Nesta investigação, a equipa da Amnistia Internacional descobriu partes de dois tipos de bombas de fragmentação: sub-munições BLU-97 e seus disparadores (CBU-97) e também as mais sofisticadas CBU-105, com sensores, normalmente usadas contra veículos. As bombas de fragmentação, banidas pela lei internacional, dispersam numerosas sub-munições numa vasta área e muitas destas munições, do tamanho de uma lata de refrigerante, não explodem no impacto, o que faz com que permaneçam como uma ameaça mortal para qualquer pessoa que as toque.

Foi o que aconteceu a Mohammed Hamood al-Wabash, de 13 anos, o qual sofreu fraturas múltiplas no pé esquerdo por ter pisado uma sub-munição de uma bomba de fragmentação.

A Amnistia Internacional insta os membros da coligação militar liderada pela Arábia Saudita a pararem de usar munições de bombas de fragmentação, e todos os Estados a suspenderem prontamente os fornecimentos deste tipo de armamento.

Chamados à responsabilidade

As tentativas feitas na semana passada no Conselho de Direitos Humanos das Nações Unidas, em Genebra, para lançar uma investigação independente e internacional ao conflito no Iémen colapsaram.

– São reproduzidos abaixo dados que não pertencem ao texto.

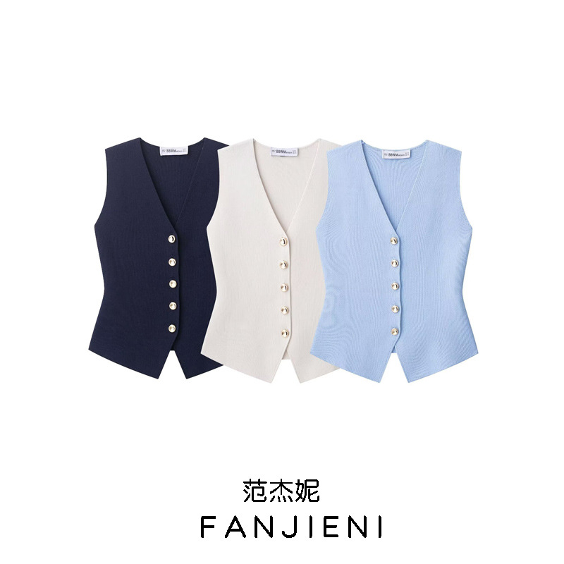 ZR外国貿易卸売り欧米風女装ファッション金色ボタン飾りニットvネックゆるいベスト上着
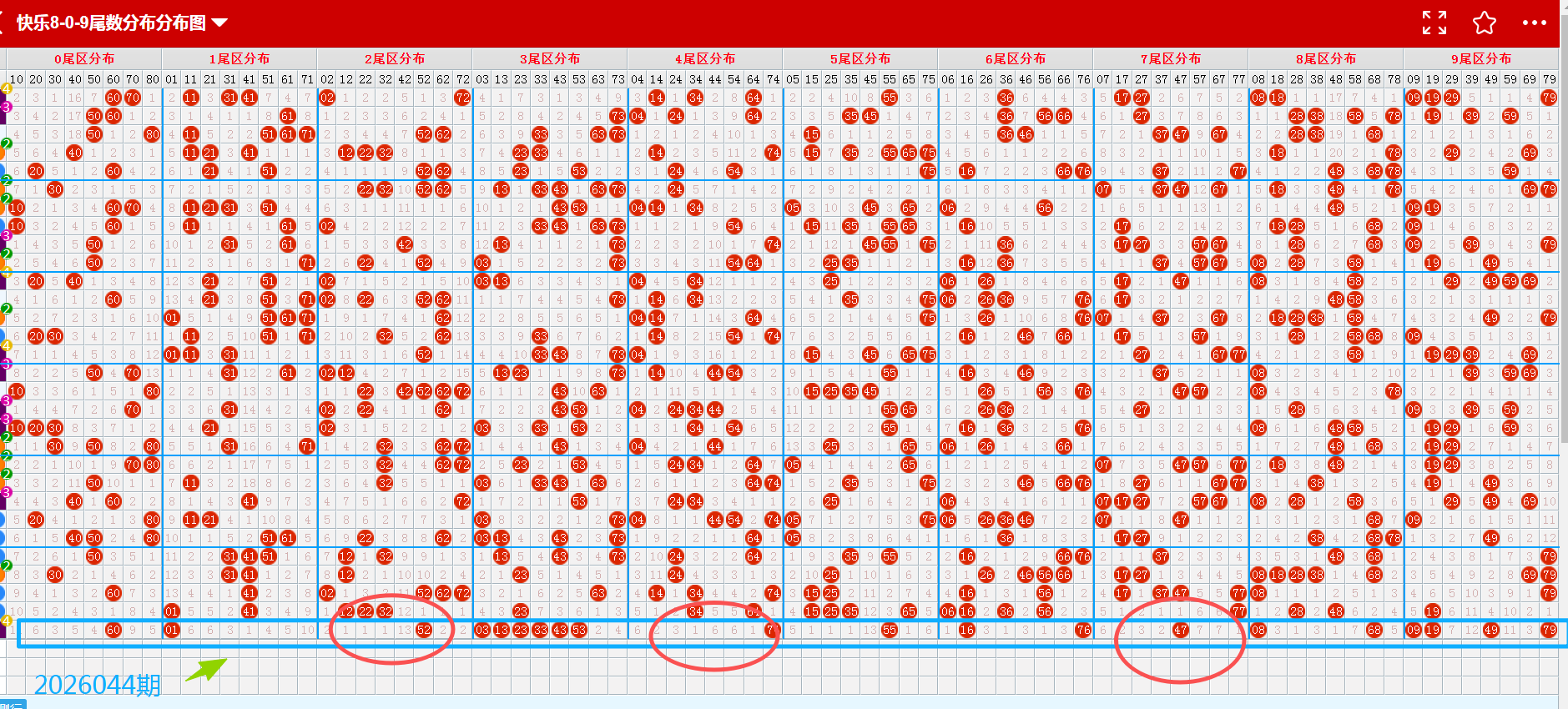 上图是快乐八2026044期的尾码走势图,从图中看0尾到9尾出号个数依次是:0尾号码区开出1个;1尾号码区开出1个;2尾号码区开出1个;3尾号码区开出6个;4尾号码区开出1个;5尾号码区开出1个;6尾号码区开出2个;7尾号码区开出1个;8尾号码区开出2个;9尾号码区开出4个;再看小尾号码(0尾-4尾)区有10码,大尾号码(5尾-9尾)有10码;数据比对统计后可以看到本期3尾出号数量最多,一共开出了6个中奖号码。本期没有出现断区!由走势比对推断2026045期重点需要关注2、4、7尾区号码下号热度回补和落号数量增加的概率较大。
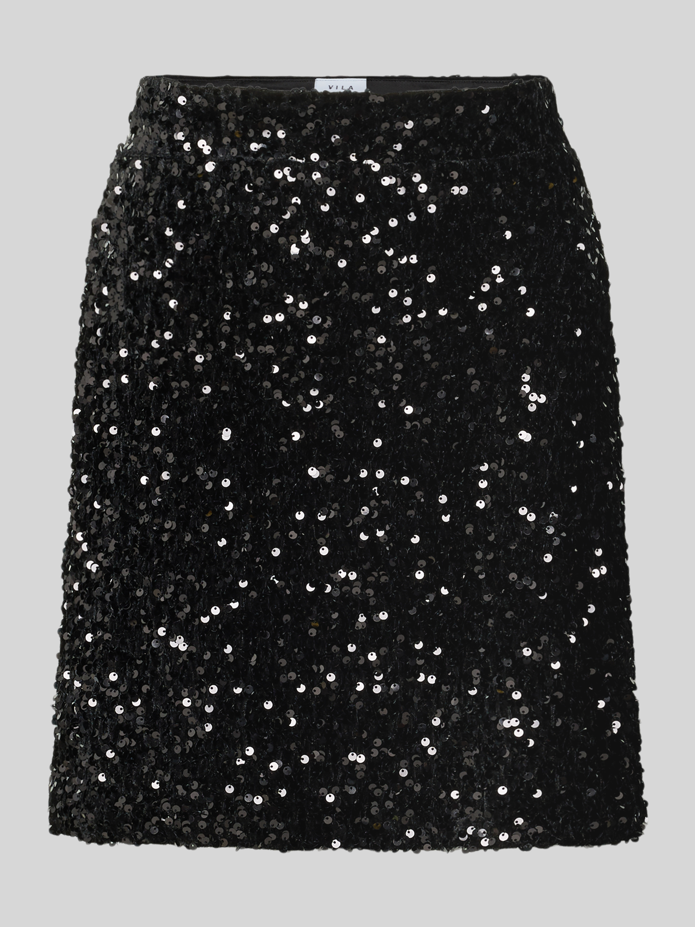 Spódnica mini z wysokim stanem i cekinami model ‘FAITH’ - czarny
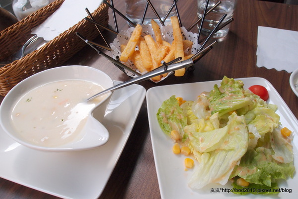 想說應該不會先上主餐才上沙拉跟濃湯吧?
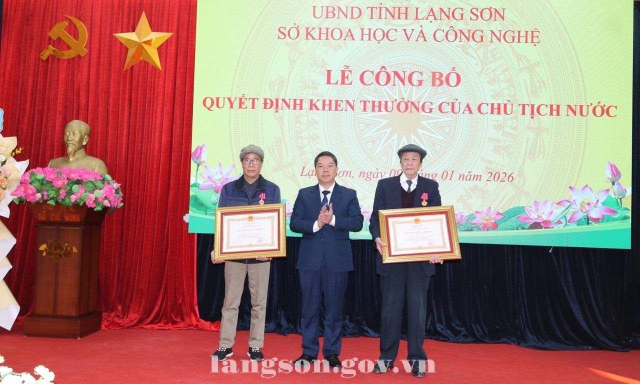 Nhân dịp này, 02 đồng chí nguyên lãnh đạo Sở KH&CN được tặng Huân chương Lao động hạng Nhì, hạng Ba của Chủ tịch nước; 01 tập thể, 03 cá nhân được tặng Bằng khen của Chủ tịch UBND tỉnh vì đã có thành tích xuất sắc, tiêu biểu trong công tác hỗ trợ hệ sinh thái khởi nghiệp đổi mới sáng tạo tỉnh Lạng Sơn giai đoạn 2021 – 2025. Đồng thời, Giám đốc Sở KH&CN cũng tặng Giấy khen cho nhiều cá nhân vì có thành tích trong phong trào thi đua thực hiện nhiệm vụ năm 2025.

Acabou por ser adotada uma resolução de apoio à criação de um comité de investigação iemenita.

“A indiferença do mundo ao sofrimento dos civis no Iémen neste conflito é chocante. E o falhanço do Conselho de Direitos Humanos das Nações Unidas na semana passada em estabelecer uma investigação às violações cometidas por todas as partes é o mais recente de uma série de falhanços por parte da comunidade internacional para pôr termo à impunidade total dos responsáveis por graves violações dos direitos humanos no Iémen”, critica Donatella Rovera.

A perita sustenta ainda que “a falta de responsabilização tem contribuído para o agravamento da crise e, a não ser que os responsáveis percebam que serão levados à justiça pelos seus crimes, os civis continuarão a sofrer as consequências”.

Uma investigação ou inquérito de âmbito internacional pode ser estabelecido através da aprovação de resolução pela Assembleia Geral das Nações Unidas ou do Conselho de Segurança. Assim como pelo secretário-geral da ONU e ainda do Alto Comissário das Nações Unidas para os Direitos Humanos, por sua própria iniciativa.